Confirming seeing this as well:

[2016-10-13T14:43:23,197][ERROR][logstash.instrument.periodicpoller.jvm] PeriodicPoller: exception {:poller=>#<LogStash::Instrument::PeriodicPoller::JVM:0x629951d9 @task=#<Concurrent::TimerTask:0x754b8b32 @observers=#<Concurrent::Collection::CopyOnNotifyObserverSet:0x6e6221f0 @observers={#<LogStash::Instrument::PeriodicPoller::JVM:0x629951d9 ...>=>:update}>, @timeout_interval=60.0, @running=#<Concurrent::AtomicBoolean:0x5f0bc8bb>, @StoppedEvent=#<Concurrent::Event:0x76b0ca73 @set=false, @iteration=0>, @execution_interval=1.0, @do_nothing_on_deref=true, @run_now=nil, @freeze_on_deref=nil, @executor=#<Concurrent::SafeTaskExecutor:0x9a218f4 @task=#<Proc:0x565b36ca@/usr/share/logstash/logstash-core/lib/logstash/instrument/periodic_poller/base.rb:52>, @exception_class=StandardError>, @StopEvent=#<Concurrent::Event:0x571462aa @set=false, @iteration=0>, @value=nil, @copy_on_deref=nil, @dup_on_deref=nil>, @peak_threads=30, @peak_open_fds=65, @metric=#<LogStash::Instrument::Metric:0x2787d969 @collector=#<LogStash::Instrument::Collector:0x6cb537ea @agent=nil, @metric_store=#<LogStash::Instrument::MetricStore:0x3e7b00d5 @store=#<Concurrent::Map:0x31199cb6 @default_proc=nil>, @structured_lookup_mutex=#<Mutex:0x45eca90d>, @fast_lookup=#<Concurrent::Map:0x5cb96c48 @default_proc=nil>>, @observer_state=true, @snapshot_task=#<Concurrent::TimerTask:0x3aa2a2a2 @observers=#<Concurrent::Collection::CopyOnNotifyObserverSet:0x47a3656c @observers={#<LogStash::Instrument::Collector:0x6cb537ea ...>=>:update}>, @timeout_interval=600.0, @running=#<Concurrent::AtomicBoolean:0x706be3c4>, @StoppedEvent=#<Concurrent::Event:0x5f73f8d9 @set=false, @iteration=0>, @execution_interval=1.0, @do_nothing_on_deref=true, @run_now=nil, @freeze_on_deref=nil, @executor=#<Concurrent::SafeTaskExecutor:0x3a77e5e @task=#<Proc:0x5c9d33d6@/usr/share/logstash/logstash-core/lib/logstash/instrument/collector.rb:87>, @exception_class=StandardError>, @StopEvent=#<Concurrent::Event:0x73479e42 @set=false, @iteration=0>, @value=false, @copy_on_deref=nil, @dup_on_deref=nil>>>, @options={:polling_interval=>1, :polling_timeout=>60}>, :result=>nil, :exception=>#<Concurrent::TimeoutError: Concurrent::TimeoutError>, :executed_at=>2016-10-13 14:43:23 -0600}

Confirming that I am still seeing this in rc1

I'm seeing this with the LS 5.0 release version too.

Were you able to resolve it?

Thanks,
Sanjiv

I had the error through RC1 - however, I have not seen it yet since upgrading to 5.0.0 GA.

When I have a small number of file inputs I don't see this but when the number of file inputs are >50 I start seeing this.
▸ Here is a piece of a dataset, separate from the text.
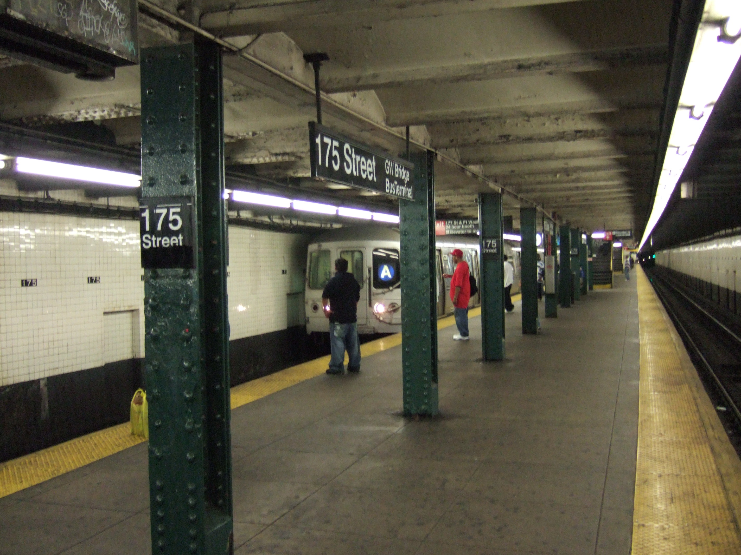 A Brooklyn-bound A train pulling into the 175th Street station. Unlike other IND stations, there is no color tile and one single center platform. But it was one of the first fully A.D.A. accessible stations with an elevator leading to the platform.

I'll log a separate bug report for this.

Thanks,
Sanjiv

That could be something.....

For me it wasn't dependent on number of inputs but rather number of events of messages per second - which could equate to your multiple inputs depending on data flow.

That's good to know. I'll keep that in mind when trying to further troubleshoot by pointing to files that don't have much logging.

Can anyone explain what this logstash.instrument.periodicpoller.jvm Periodic Poller is doing? Is it safe to disable and if so how? It doesn't appear to be related to the functionality of processing the input but rather related to JVM metrics collection.

I might have to set the log level of logstash.instrument.periodicpoller.jvm set to FATAL to avoid seeing this noise.

Thanks,
Sanjiv

The poller is gathering system stats for the jvm/os and this mean it took too much time to complete the operation.
Some system call takes more times or have a lower priority so they can cause the poller to timeout.

I've created 2 issues related to that:


The fix are easy to do, I think for now you can hide them using the log4j settings.

Thank you for the explanation. Makes me feel better getting confirmation that it's okay to hime them using a log4j setting. We we know the overhead of the JVM stat collector? Would being able to disable it via a setting help improve the performance of a heavily loaded LS instance? I ran LS 2.2.2 with the same config as LS 5.0 and a change made to a log file was picked up immediately by the LS 2.2.2 file filter but for 12-20s on LS 5.0 and during that period I saw a bunch of these timeout errors. Not sure if it's related to the slowdown of the file notification in LS 5.0, or unrelated.

Was this resolved ?

I am also facing exactly the same issue.